Dinkes OKU Tangani 190 Kasus Rabies Pada 2023

Dinkes OKU Tangani 190 Kasus Rabies Pada 2023

Kabid P2P Dinkes OKU, Andi Prapto. Eko/Palpos.id--

BATURAJA, PALPOS.ID - Dinas Kesehatan (Dinkes) Kabupaten Ogan Komering Ulu (OKU), menangani sebanyak 190 kasus Gigitan Hewan Penular Rabies (GHPR) yang dialami masyarakat di wilayah itu sepanjang tahun 2023.

"Selama Januari-Desember 2023 tercatat sebanyak 190 kasus GHPR," kata Kepala Bidang Pencegahan dan Pengendalian Penyakit Dinkes OKU, Andi Prapto, Kamis 25 Januari 2024.

Dia mengemukakan, kasus gigitan hewan rabies tersebut terdiri atas 100 kasus gigitan hewan anjing, 77 kucing dan 13 ekor akibat gigitan kera.

"Pasien yang mengalami gigitan hewan rabies ini mulai dari pasien dewasa hingga anak-anak.
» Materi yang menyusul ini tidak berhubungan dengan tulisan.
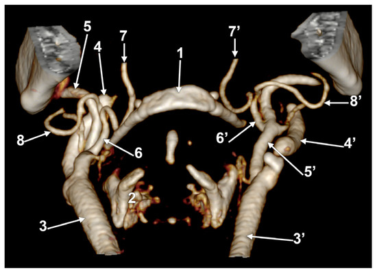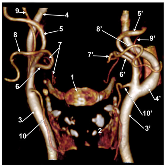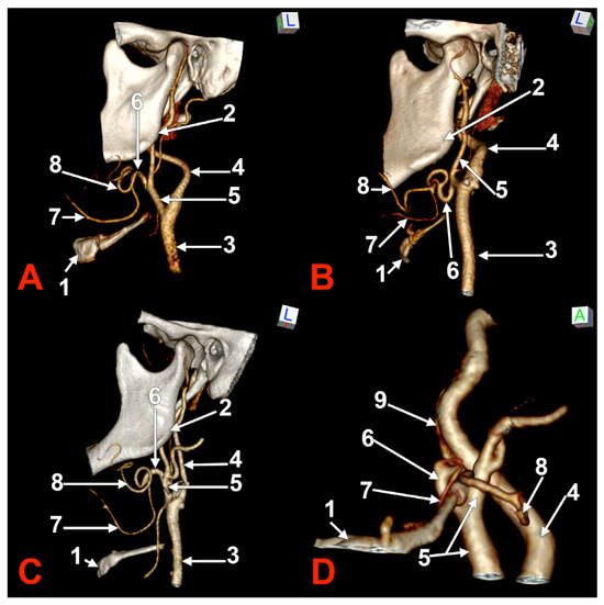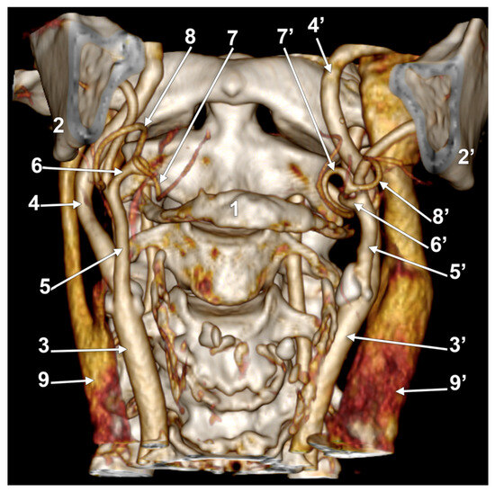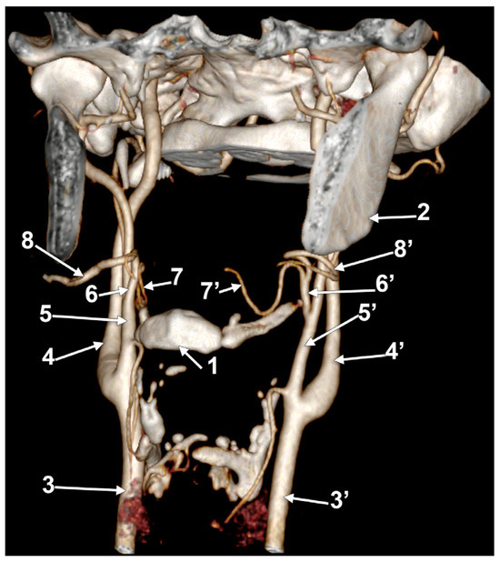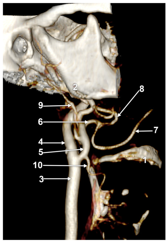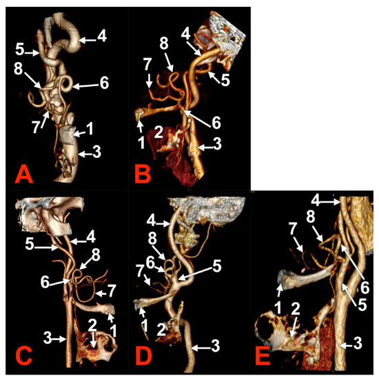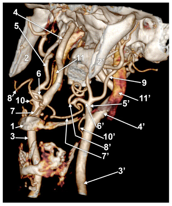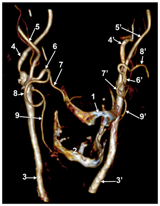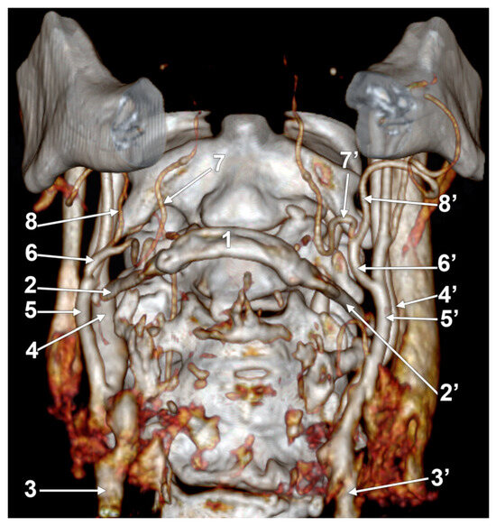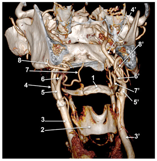 - Heltzel, S.; Jelinek, L.; Jaynes, D. Variation in the caudal branches of the external carotid artery: Comparison of sex and side. Med. Res. Arch. 2015. Available online: https://esmed.org/MRA/mra/article/view/21 (accessed on 7 December 2023). [CrossRef][Green Version]

Kabar baiknya tidak ada yang meninggal dunia," katanya.

BACA JUGA:Dinkes OKU Gencarkan Penyuluhan Kesehatan di Sekolah

BACA JUGA:Dinkes Minta Warga OKU Terapkan Prokes Cegah Penyebaran COVID-19

Andi menjelaskan, pertolongan pertama pada kasus gigitan hewan rabies atau anjing gila tersebut yaitu dengan memberikan suntikan vaksin VAR yang tersedia di seluruh puskesmas guna membangkitkan sistem imunitas tubuh terhadap pasien yang terinfeksi virus tersebut.

Disediakannya vaksin VAR di seluruh puskesmas ini merupakan salah satu upaya untuk menanggulangi kasus rabies di Kabupaten OKU agar tidak menimbulkan korban jiwa.

Sebagai upaya penanggulangan, lanjut dia, pihaknya pun mengoptimalkan fungsi Puskesmas Rabies Center dalam mengatasi kasus GHPR agar korban segera mendapat perawatan medis.

Tempat pelayanan kesehatan ini disiapkan pemerintah daerah agar warga yang terkena gigitan hewan pembawa virus rabies segera mendapat penanganan medis hingga tidak berujung pada kematian

"Puskesmas Rabies Center atau pusat pelayanan rabies saat ini terbentuk di tiga kecamatan meliputi Puskesmas Tanjung Agung, Peninjauan dan Kecamatan Pengandonan," ujarnya. (***)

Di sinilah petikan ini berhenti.